NVIDIA Earth-2 provides a full-stack platform to construct and deploy AI-powered weather and climate applications. NVIDIA CorrDiff—a model inside this ecosystem—replaces compute-intensive and time-consuming high-resolution simulations with a generative downscaling model that transforms coarse CMIP6 output into high-resolution fields. It consists of a regression model that predicts the conditional mean, and a diffusion model that predicts the residuals between the regression output and the bottom truth. 

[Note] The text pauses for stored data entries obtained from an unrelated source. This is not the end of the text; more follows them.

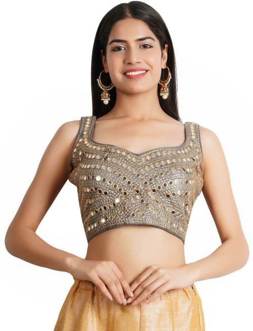 Trendzmy Women Grey Embellished Cotton Silk Sweetheart Neck Blouse, Free Size
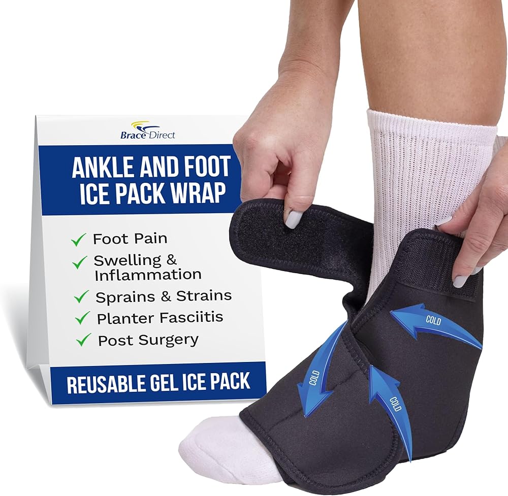 Ankle and Foot Reusable Gel Ice Pack Wrap for Achilles Tendonitis, Plantar Fasciitis, Sprains, Swelling, Post Surgery Relief by Brace Direct (S/M: US Shoe Men ≤10, Women ≤11)
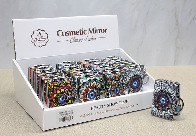 TAŞLI EL AYNASI ANAHTARLIK MODEL 1 Ürün ÖzellikleriTaşlı el aynası anahtarlık model 1, nazar boncuğu baskılı renkli tasarımı ile şık ve dekoratif bir aksesuardır. Göz alıcı taş detayları ve renkli nazar boncuğu baskısı, aynaya estetik bir dokunuş katarak hem işlevsel hem de dekoratif hale getirir. Anahtarlık özelliği, kolay taşınabilirlik sunarak her zaman yanınızda taşımanıza imkan tanır. Kompakt boyutu sayesinde çanta, cüzdan veya anahtar gibi aksesuarlarınızda rahatça taşınabilir. Hem günlük kullanım hem de hediye olarak mükemmel bir seçimdir.Paket İçeriği1 adet Taşlı El Aynası Anahtarlık Model 1
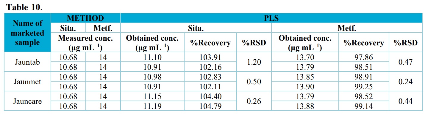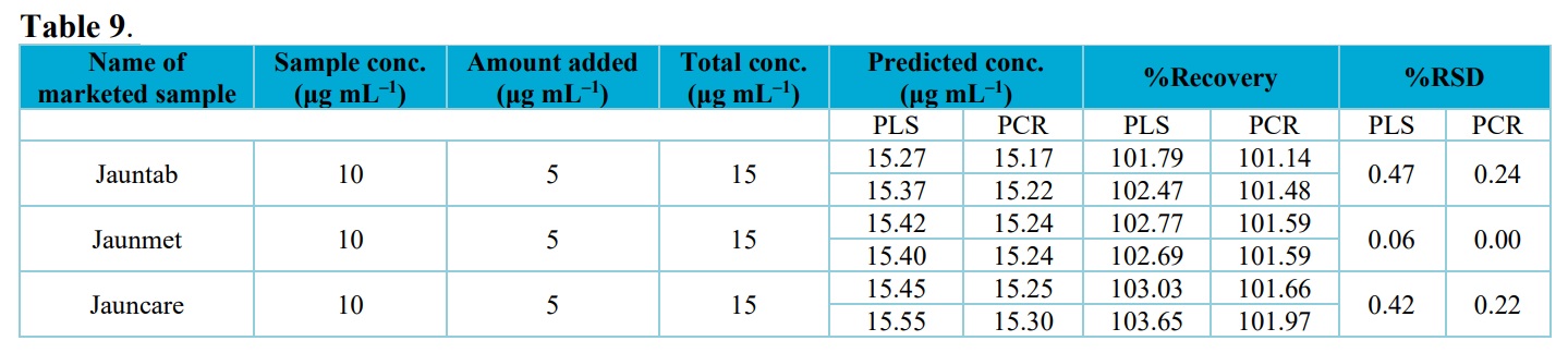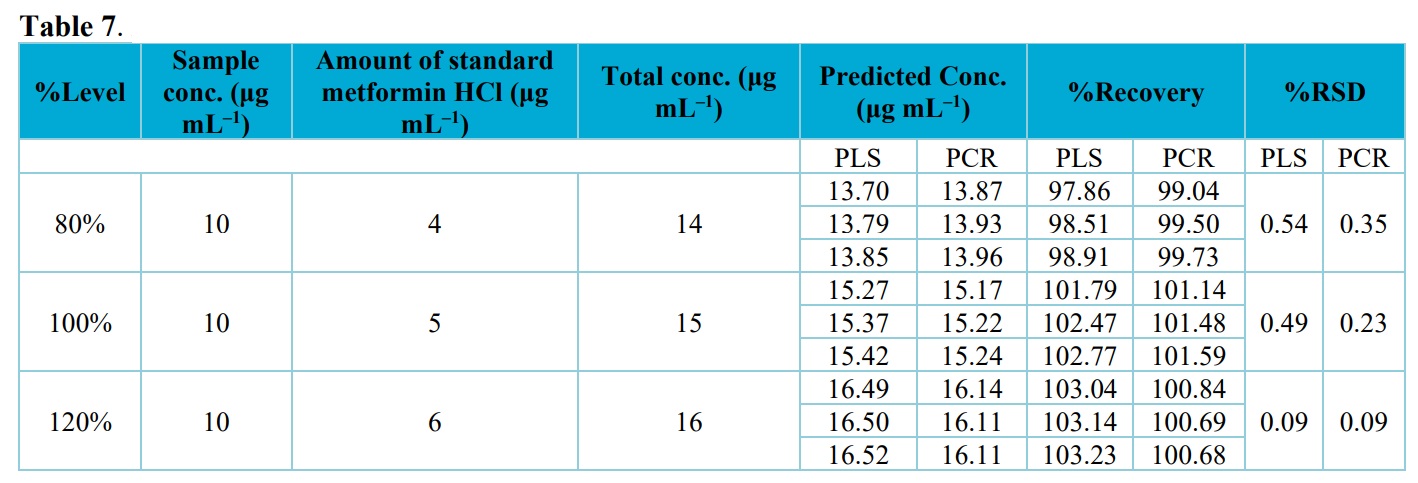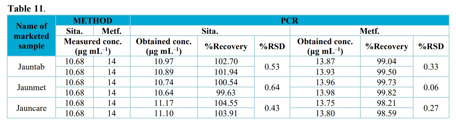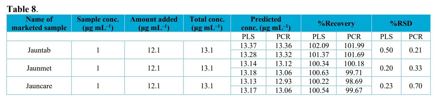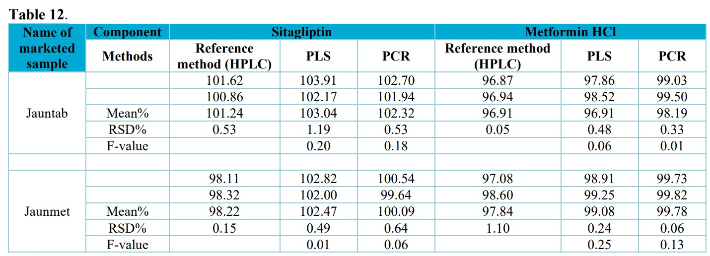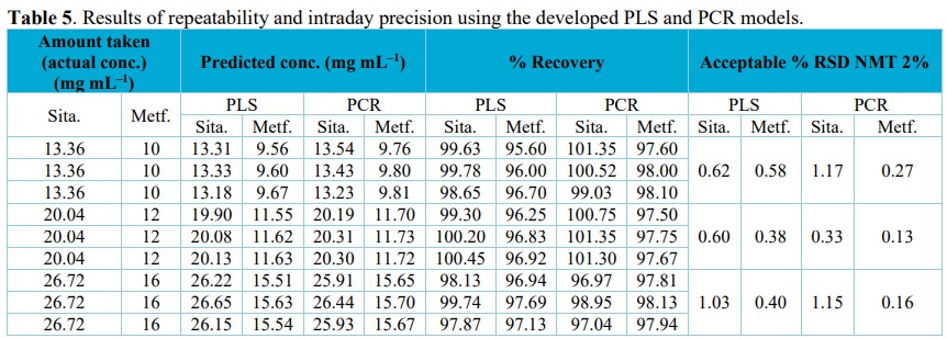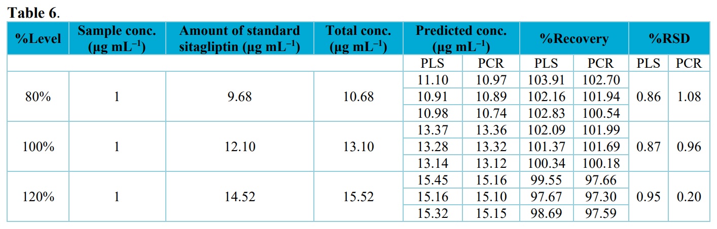 As it can be appeared from these data, recovery for sitagliptin and metformin hydrochloride using the developed PCR and PLS models are within the acceptable limit (90–110%) This suggests that the methods are free from interference due to the excipients used in the commercial formulation.
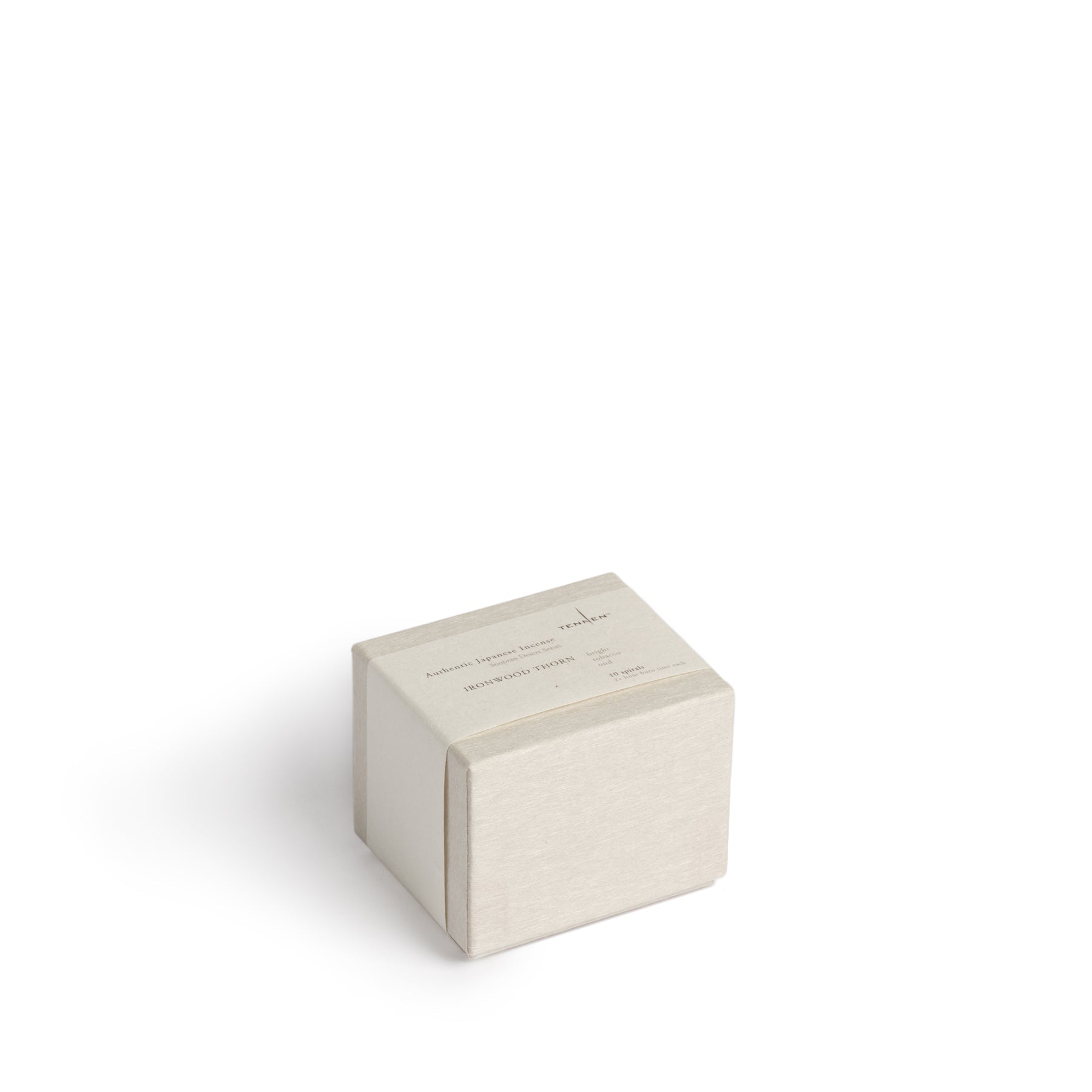 The hostile reality of living in the desert—unrelenting sun. heat. sparse vegetation. sharp cacti—is offset by the beauty and awakening of the senses that comes with life in the Sonoran Desert. The scents in this series embrace the rich and diverse experiences from the rocky barren landscapes of the canyons. to the lush and colorful wildflower displays after the desert rains. Spiral incense burns for longer than stick or cone for an extended aromatic experience. Ironwood Thorn features bright scents of tobacco and oud.
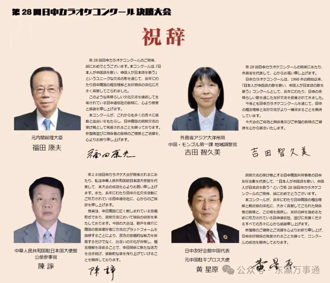 此外,日本前首相福田康夫亦发来贺词,充分肯定了赛事在促进中日文化交流与民间友好方面所发挥的重要作用。
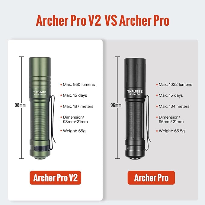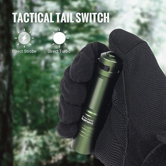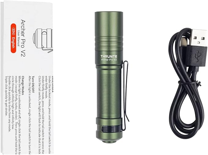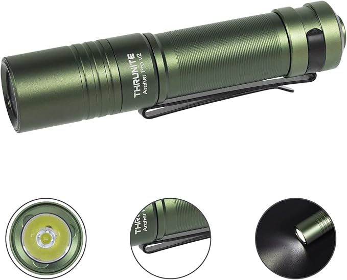 ThruNite Archer Pro V2 EDC Flashlight - 950 Lumens, USB-C Rechargeable, Tail Switch LED Penlight for Camping, Outdoor & Emergency - Cool White (Dark Green)
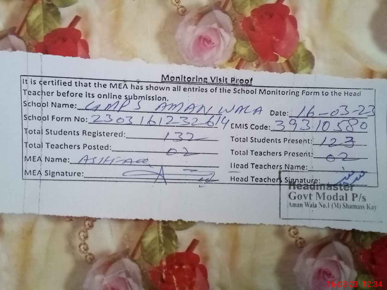 | Attendance Register | Head Teacher | MEA with School | Visit Proof |
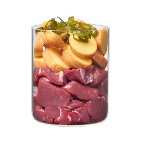Zloženie: Chudé antilopie mäso (60 %), zemiaky (36 %), repkový olej, morské riasy*, minerálne živiny
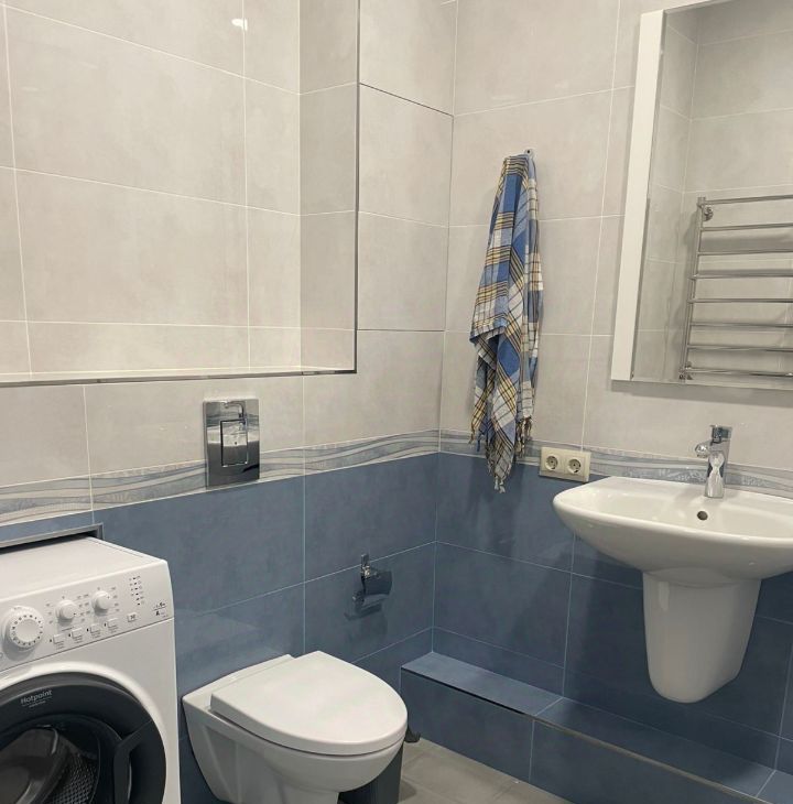 Санузел в современной отделке, имеется стральная машина (автомат)
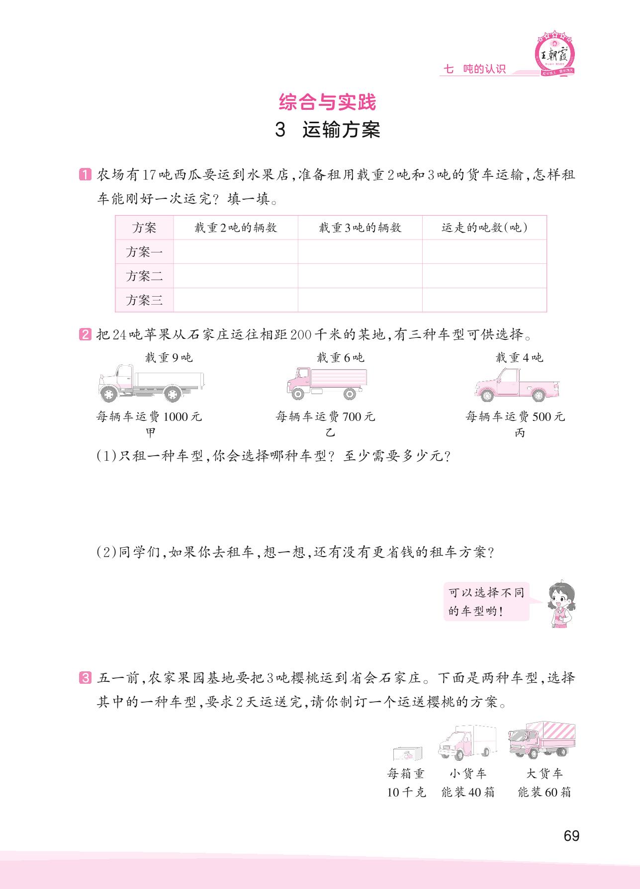 2023上册三年级数学冀教版 七 吨的认识——3 运输方案
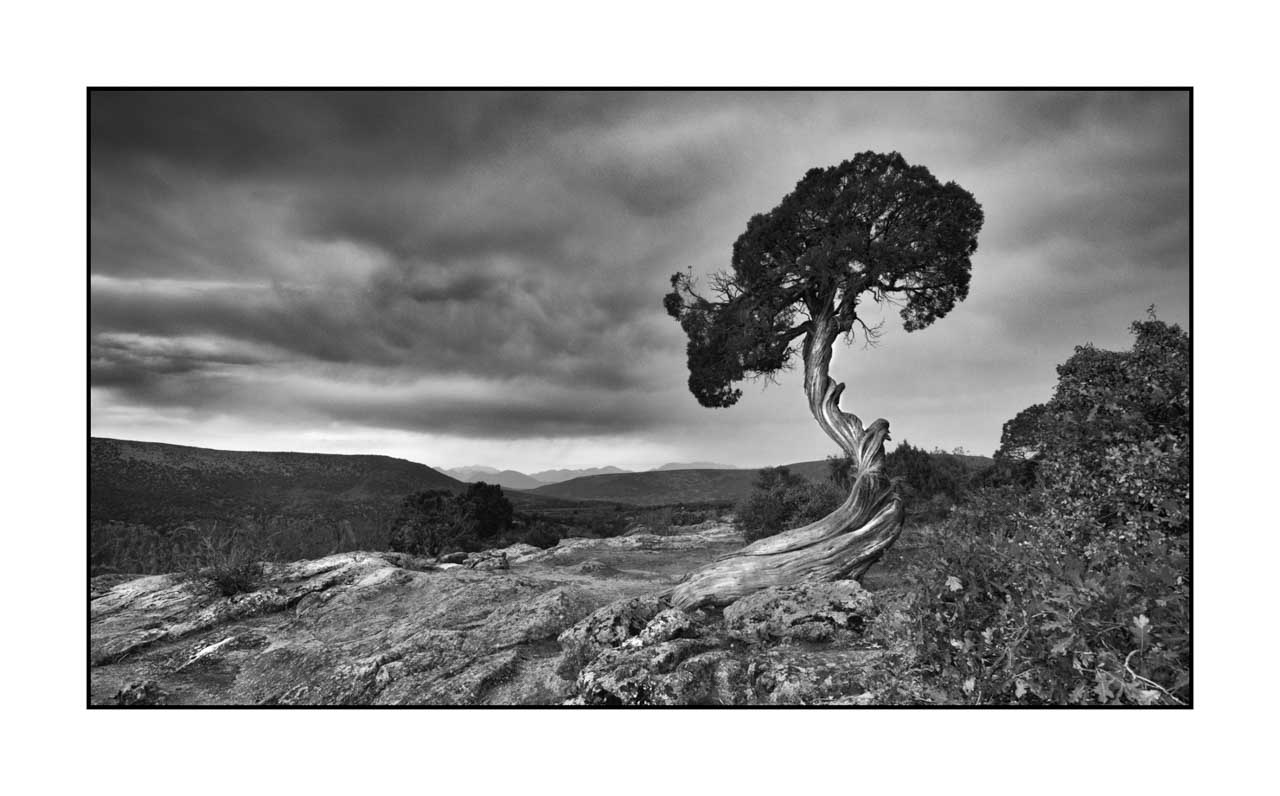 Juniper tree on the heights of Black Canyon - Landscape of Black Canyon of the Gunnison XVII: Museum Finish Dim in inches - Photo: 34 x 19. With frame: 35.2 x 20.2. / Dim in cm - Photo: 86 x 48. With frame: 89.5 x 51.5.

CorrDiff performs core climate data transformations—including spatial and temporal downscaling, bias correction, and variable synthesis concurrently—by training to map from biased climate model outputs to observation-constrained reanalysis, like ERA5. As a model-to-model translation tool, it might generate large ensembles from a single input sample, providing uncertainty estimates that help assess tail risks. 

This blog post walks you thru training CorrDiff for CMIP6 downscaling step-by-step, including dataset selection and configuration. 

It also shows how S&P Global Energy, a pacesetter in climate hazard assessment, is developing this workflow with NVIDIA to supply data grounded in statement to be used in risk analytics. 

Input and goal datasets for CorrDiff training

Training CorrDiff requires paired low-resolution input and high-resolution goal datasets covering the identical time period and weather evolution. You’ll need an observation-assimilated climate model run for training. Free-running climate simulations don’t align with observed patterns. 

Using CanESM5 assimilated hindcasts as input

This guide uses data from the CanESM5 climate model. The output is on a 64×128 global grid at roughly 2.8° resolution (~300 km on the equator). This captures large-scale climate patterns but is simply too coarse to resolve the finer-scale features needed for climate risk assessment. 

Select data that balances availability across historical and future scenarios, temporal resolution near ERA5’s hourly output, and vertical coverage. You’ll want to include pressure-level variables to explain the 3D atmospheric state. 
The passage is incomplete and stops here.